Select either the Variance Components Real Parameters or the Variance Components Beta Parameters from the Output | Specific Model Output menu choice of the Results Browser Window. The basic concept is that the S(1), S(2), …, S(n), are considered a random sample from some distribution, hence have a mean and variance. If we could directly observe (i.e., measure without error) these survival rates, we would still make use of the S(i) in our thinking and in our models on population dynamics. We would also compute a mean and the usual simple estimate of sigma^2. However, we have instead a type of measurement error variation and covariance in our values S-hat(i) . When that measurement (sampling) variation is included into the inference methods, we end up with rather more complicated estimators of these two “population” parameters. Moreover, if the estimated sampling variances and covariances, in the real parameters variance-covariance matrix, are too big we cannot with any reliability partition the total observed variance,
sum from i =1 to n (S-hat(i) – Mean(S-hat))^2 / (n – 1)
into sigma^2-hat and the average of the diagonal elements of the real parameters variance-covariance matrix.
Variance Components Parameter Indices
Once we have estimated the process variance (sigma^2-hat), we can consider an unconditional estimator of the unobserved parameters S (S-tilde) and a corresponding variance-covariance matrix.
To specify the parameters, S-hat(i), to be used in estimating sigma^2-hat, you select them from the list of parameters, or else specify their indices in the edit box, e.g.,
6 7 8 9 10
in the edit box. You can also use the “to” operator to specify a range of values, such as
6 to 10
to specify the range of values 6 through 10. The “to” operator can also be combined with the “by” operator to select steps within the range. For example
1 to 10 by 3
would select the values 1, 4, 7, and 10.
Variance Components Design Matrix
The default model for the S-hat(i) values is the mean. To select a linear trend model, click that model in the upper right corner of the dialog window. You can also specify your own design matrix, instead of accepting 1 of the 2 built-in models.
When you have specified the parameters and model, click the OK button. You can also abort the calculation by clicking the Cancel button.

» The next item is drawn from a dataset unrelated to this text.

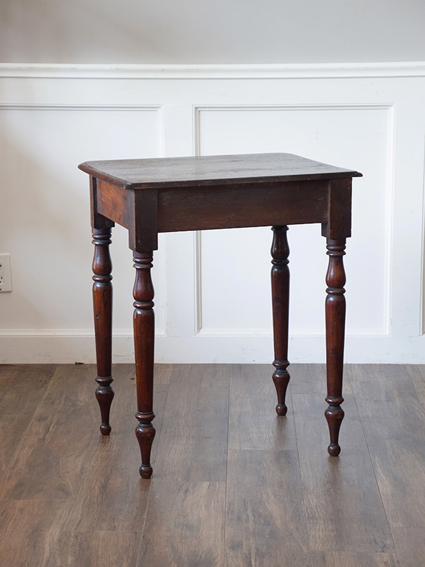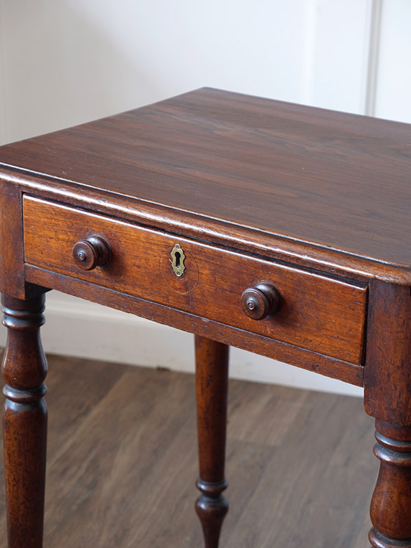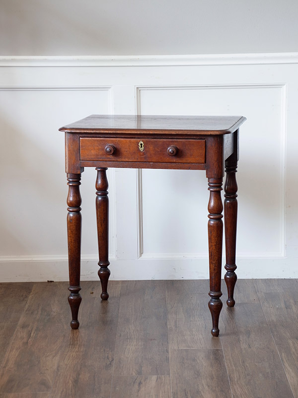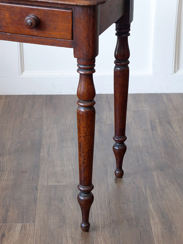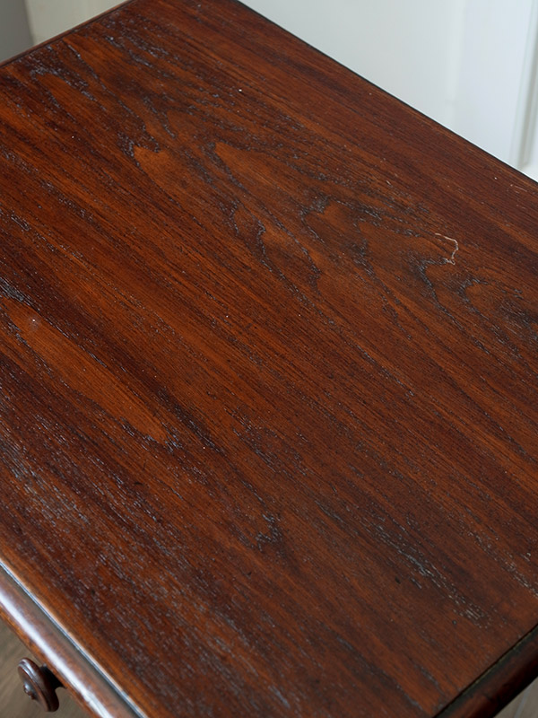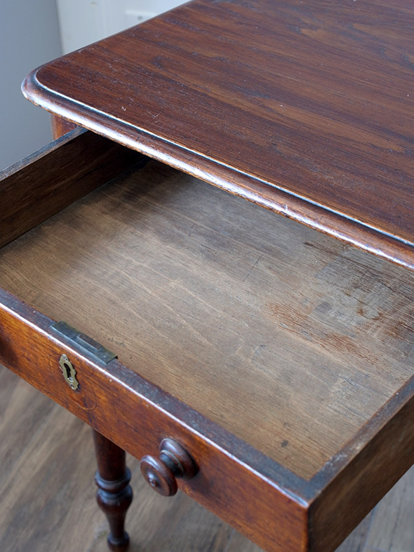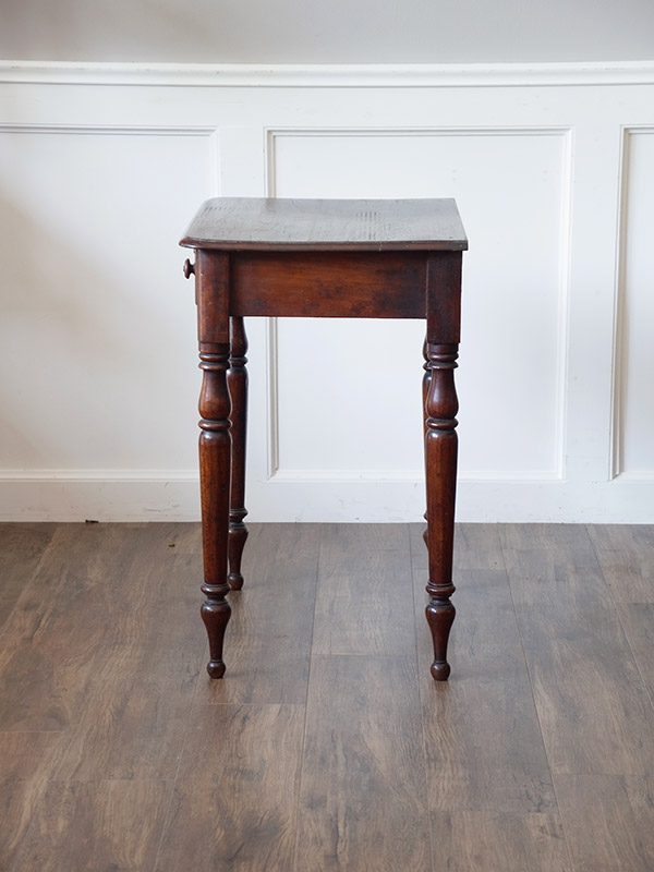 推定1920年代、イギリスアンティークマホガニーサイドテーブルです。壁面にピッタリくっつけることが出来るので、花台などのコンソールテーブルとしてもご使用いただけます。引き出しの内寸 W410 D330 H70です。

The initial output from the variance component estimation will be displayed from the numerical procedure that computes the estimates. The default is to display a numerical summary of the parameter estimates (both the original estimates and the “shrunk” estimates (S-tilde)), plus a graph of the original estimates and their confidence intervals, the “shrunk” estimates (S-tilde) and their confidence intervals, and the estimates from the model used for shrinking the original estimates (i.e., either the mean, linear trend, or user-specified design matrix). However options on the Variance Components Dialog Window allow you to select what output will be displayed. Output from the variance component estimation routine will be displayed in a NotePad window, including the estimate of sigma^2 and its 95% confidence interval, sigma and its 95% confidence interval, beta (the parameters for the linear model) and its variance-covariance matrix, and S-tilde and its variance-covariance matrix and standard errors.
Variance Components Output
Several modes of output are available from the variance components estimator. Output in the NotePad Window provides you with estimates of the beta parameters of the model you specified, the S-tilde vector and associated measures of precsion, sigma^2 and associated confidence intervals, and sigma and associated confidence intervals. Additional check boxes along the right side of the dialog box allow you to have additional output.
Besides the NotePad Window, you can also view a graph of the S-hat, S-tilde, and mean values, along with confidence intervals. This plot is useful for visualizing the amount of shrinkage that has taken place.
Variance Components Random Effects Model
The random effects model represents an intermediate model (in terms of the number of parameters) between the S(t) and S(.) model. To obtain the AICc or QAICc for the random effects model, select the Random Effects Model option in the list of Output Options. The numerical estimation code of MARK will then be run, with real parameter values fixed to their S-tilde values. The correct number of parameters estimated for this model is the number of parameters estimated by MARK for this model with the parameters fixed to S-tilde, plus the trace of the G matrix from the variance components analysis. Because the trace of G is not an integer, the number of parameters estimated for this model will not be an integer in the Results Browser Window.
The output for this random effects model is saved in the Model Notes field for later viewing.